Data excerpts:
○ ○ ○

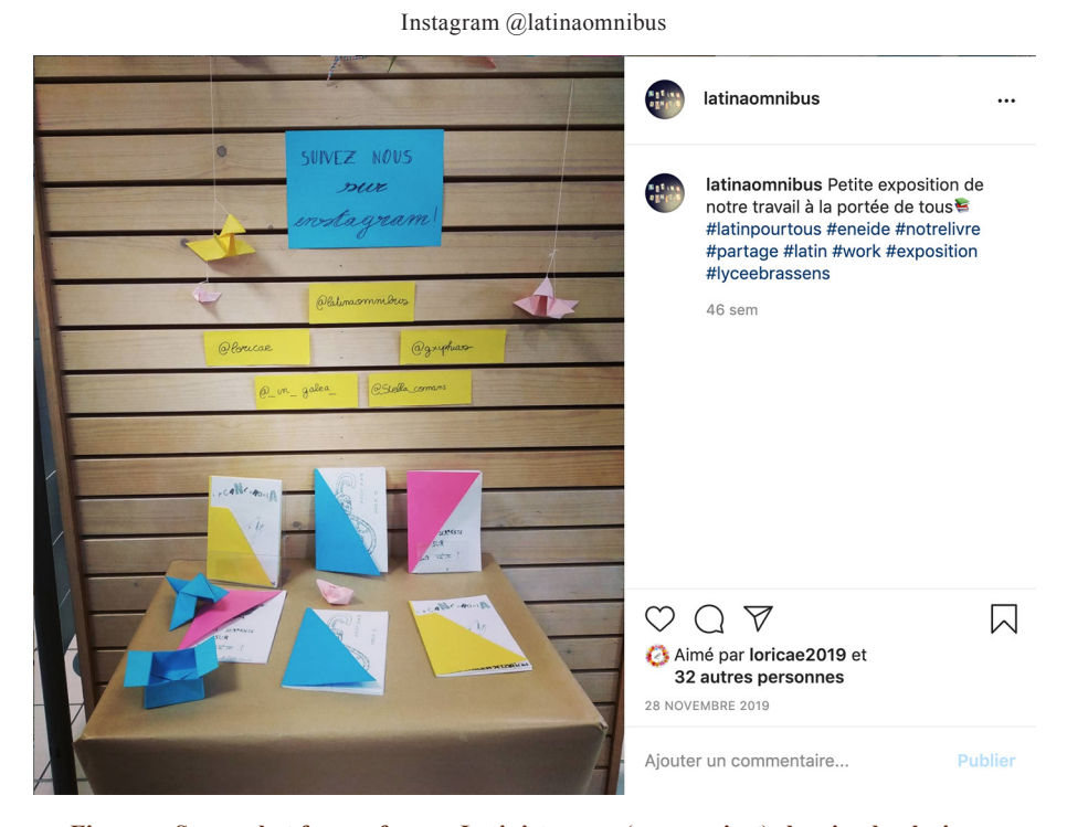
Figure 9. Screenshot from a former Latinist group (2019 project) showing books in an exhibition in the school library: "Small exhibition of our work accessible to all"

Finally, once the various elements, posters and books have been assembled, the students exhibit their documents in the school library (Figure 9). Once the objects of mediation with the staff and other high school students are ready, they can take the chalk bombs and tag the school (Figure 10).
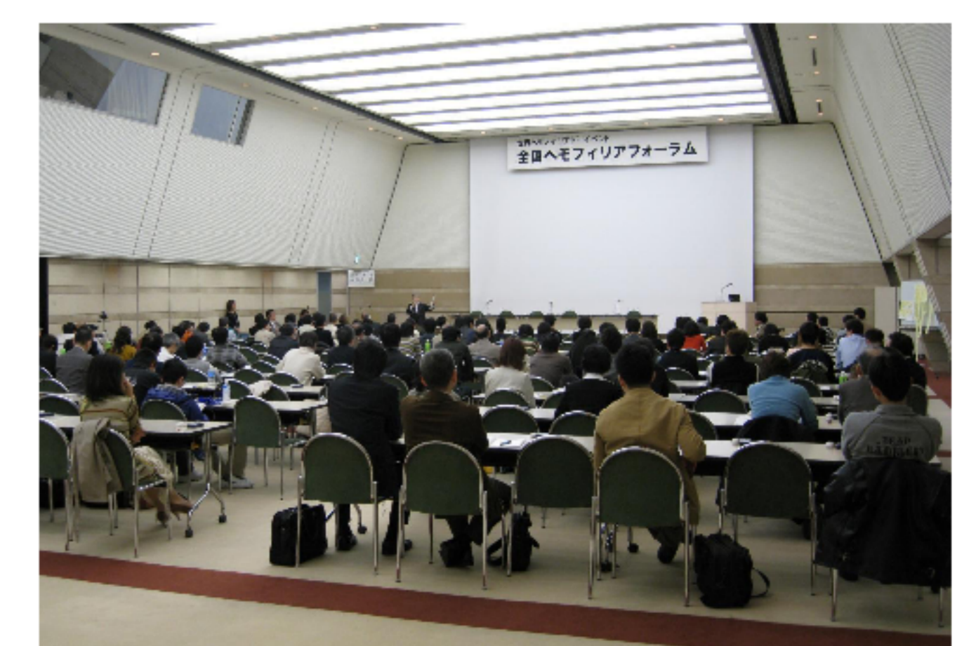
The nationwide hemophilia event held for the first time in a couple of decades.
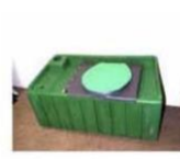
Fliptop Lid Closed

Each portable toilet holding tank has a flip-top cover with a molded toilet seat and a toilet seat cover.
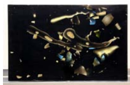
Untitled , circa 1974-1978 Cast resin with phosphorescent pigment 14 x 22 " 35.6 x 55.9 cm (TO1433)
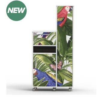
EXPRESSION Healthcare Range, mix of MFC and steel options
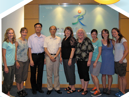
Visit by delegates of Pacific University, US
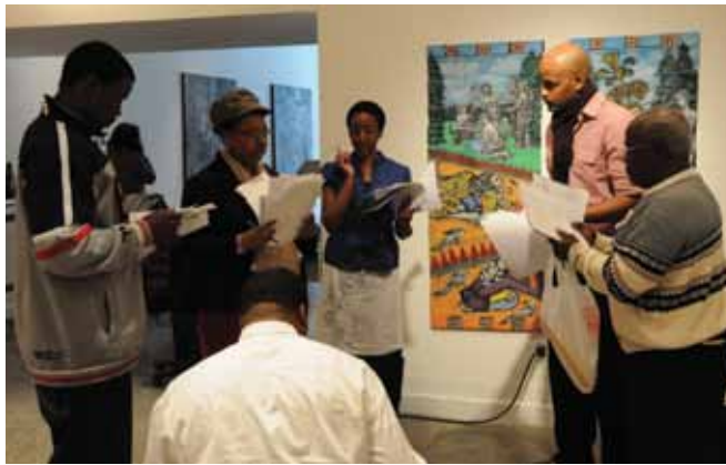
Left: Rehearsal at the Harbor Gallery for staged reading of two black theater classics, Raisin in the Sun by Lorraine Hansberry and Radio Golf by August Wilson.
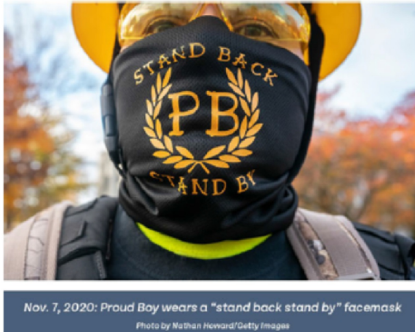
Nov. 7, 2020: Proud Boy wears a "stand back stand by" facemask

67. The Proud Boys quickly embraced Trump’s “stand back and stand by” directive as a slogan and started selling merchandise with it that same night. Jan. 6th Report at 508. Tarrío, Biggs, and two other Proud Boys leaders were later convicted of seditious conspiracy to oppose by force the lawful transfer of presidential power on January 6 th . 49
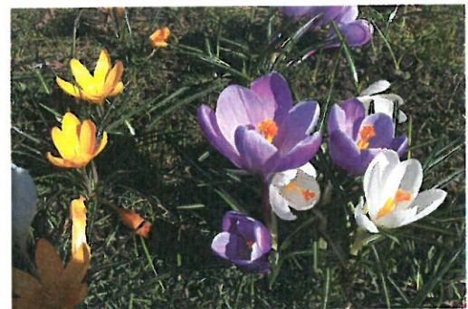
Crocus.

6:00 PM Chapter Potluck Liberty Christian Church, Liberty, MO
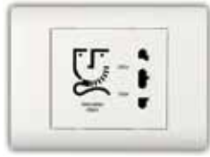
AAKX6006 + X0703
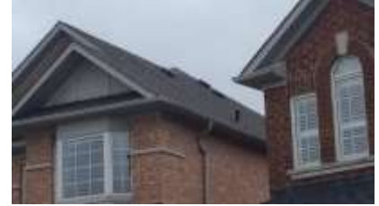
Pic. 3: Updated roof covering
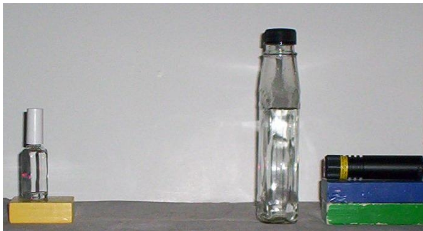
Figure 4. Photograph of a setup for the entanglement verification experiments.
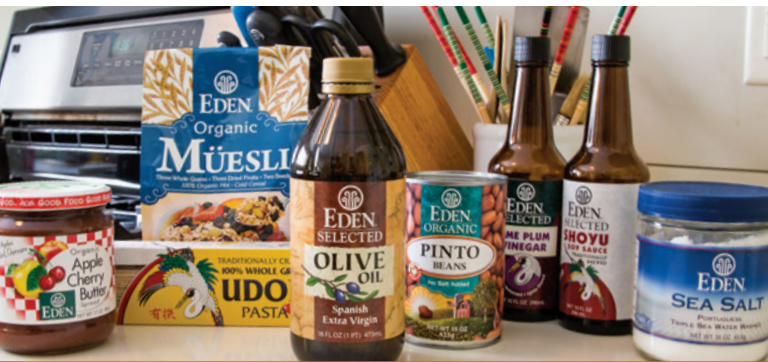
Eden Foods Test Kitchen in its Marketing Department

All of the recipes herein were tested and enjoyed in Eden kitchens and homes.

○ ○ ○

### What the exercise asks
Repeat the records in full, exactly as they appear, but with the pictures removed.

### Task output
Figure 9. Screenshot from a former Latinist group (2019 project) showing books in an exhibition in the school library: "Small exhibition of our work accessible to all"

Finally, once the various elements, posters and books have been assembled, the students exhibit their documents in the school library (Figure 9). Once the objects of mediation with the staff and other high school students are ready, they can take the chalk bombs and tag the school (Figure 10).
The nationwide hemophilia event held for the first time in a couple of decades.
Fliptop Lid Closed

Each portable toilet holding tank has a flip-top cover with a molded toilet seat and a toilet seat cover.
Untitled , circa 1974-1978 Cast resin with phosphorescent pigment 14 x 22 " 35.6 x 55.9 cm (TO1433)
EXPRESSION Healthcare Range, mix of MFC and steel options
Visit by delegates of Pacific University, US
Left: Rehearsal at the Harbor Gallery for staged reading of two black theater classics, Raisin in the Sun by Lorraine Hansberry and Radio Golf by August Wilson.
Nov. 7, 2020: Proud Boy wears a "stand back stand by" facemask

67. The Proud Boys quickly embraced Trump’s “stand back and stand by” directive as a slogan and started selling merchandise with it that same night. Jan. 6th Report at 508. Tarrío, Biggs, and two other Proud Boys leaders were later convicted of seditious conspiracy to oppose by force the lawful transfer of presidential power on January 6 th . 49
Crocus.

6:00 PM Chapter Potluck Liberty Christian Church, Liberty, MO
AAKX6006 + X0703
Pic. 3: Updated roof covering
Figure 4. Photograph of a setup for the entanglement verification experiments.
Eden Foods Test Kitchen in its Marketing Department

All of the recipes herein were tested and enjoyed in Eden kitchens and homes.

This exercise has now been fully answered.